23. The cut-off date suggested for implementation of the recommendations is April 1st, 2011. In
particular, the recommendations as to the rate of interest, it is recommended that it should be made
effective to all loans given by an MFI after March 31st 2011.

Nariman Committee
A study group on Organisational Framework for the Implementation of Social Objective had
recommended an Area Approach to be followed by commercial banks to promote economic
development of backward areas in the country. The Committee of Bankers (Known as the Nariman
Committee) appointed by the Reserve Bank of India in 1969 accepted the area approach and
gave a practical shape to it under the title Lead Bank Scheme.

PARTICIPANTS
Participants of Lead bank Scheme in every district is Commercial Banks, RRBs, Co-operative Banks
and Other Financial Institutions such as RBI, NABARD and Development Agencies of the
Government.
A Committee of Bankers on Branch Expansion Programme of public sector banks appointed by
Reserve Bank of India under the Chairmanship of Shri F. K. F.Nariman (Nariman Committee)

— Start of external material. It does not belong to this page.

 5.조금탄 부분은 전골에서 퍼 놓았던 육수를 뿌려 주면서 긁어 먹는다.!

endorsed the idea in November 1969. It also recommended that each bank can concentrate on
certain districts where it should act as a 'Lead Bank'.
NECESSITIES OF LEAD BANKS
The development of rural economy has been accepted as an integral part of the main strategy in the
Seventh Five Year Plan. The basic importance of Lead Bank Scheme is that individual banks should
adopt particular district for intensive development. The lead bank acts as a leader for coordinating

the efforts of all credit institutions in the allotted districts to increase the flow of credit to
agriculture, small-scale industries and other economic activities.
REFORMS OF LEAD BANKS
In the changed context of financial sector reforms, the validity of the LBS is being questioned in
some quarters of the banking circle. RBI in consultation with NABARD devised the Lead Bank
Returns (LBRs) in the year 1991 which replaced the Lead Bank Statements (LBS) prescribed for
Banks under the Lead Bank Scheme.
Service Area Approach (SAA) was introduced in 1989 under which villages were identified and
assigned to bank branches based on their proximity and contiguity. Credit plans were prepared on
an annual basis for the service area of each branch which involved co-ordination between the
various developmental agencies and credit institutions.

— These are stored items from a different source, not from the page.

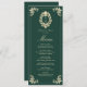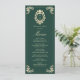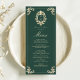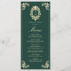 Elegant wedding menu card in emerald green with ornate baroque gold flourishes and a regal Victorian monogram at the top. This luxurious design provides space to showcase your wedding dinner courses in a formal and sophisticated layout. Perfectly coordinates with the emerald green and gold baroque wedding invitation suite, ideal for couples planning a classic, elegant, and timeless celebration.
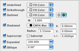 Stín může mít poloměr a ve vodorovném směru (X) a svislém (Y) nezávisle nastavenou vzdálenost.
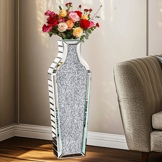 P&P Luxury Mirrored Floor Flower Vase Silver Crushed Diam...

SLBC facilitates effective implementation of development programmes in the areas of poverty
alleviation, employment to un-employed, providing banking outlet in un-banked areas, training,
financial literacy etc. The role of SLBC is reinforced by the High Level Committee constituted by
RBI to review Lead Bank Scheme.
State Level Bankers Committee (SLBC) came into existence under Lead Bank Scheme as per RBI
guidelines. SLBC is an inter-institutional forum at State level ensuring co-ordination between
Government and Banks on matters pertaining to banking development.
High Level Committee on Lead Bank Scheme
In 2007 a High Level Committee was constituted under the chairpersonship of Smt. Usha Thorat,
Deputy Governor, Reserve Bank of India to review the Lead Bank Scheme which was initially
introduced in December 1969.
The High Level Committee, which submitted its final recommendations in August 2009,
announced that The overarching objective of Lead Bank Scheme shall be to enable banks and
State Governments to work together for inclusive growth. The Committee also advised Banks to
focus attention on the urgent need for achieving 100% financial inclusion through penetration of
banking services in the rural areas. RBI has accepted the recommendations of the High Level
Committee and advised action areas to SLBC Convenors and Banks for implementation.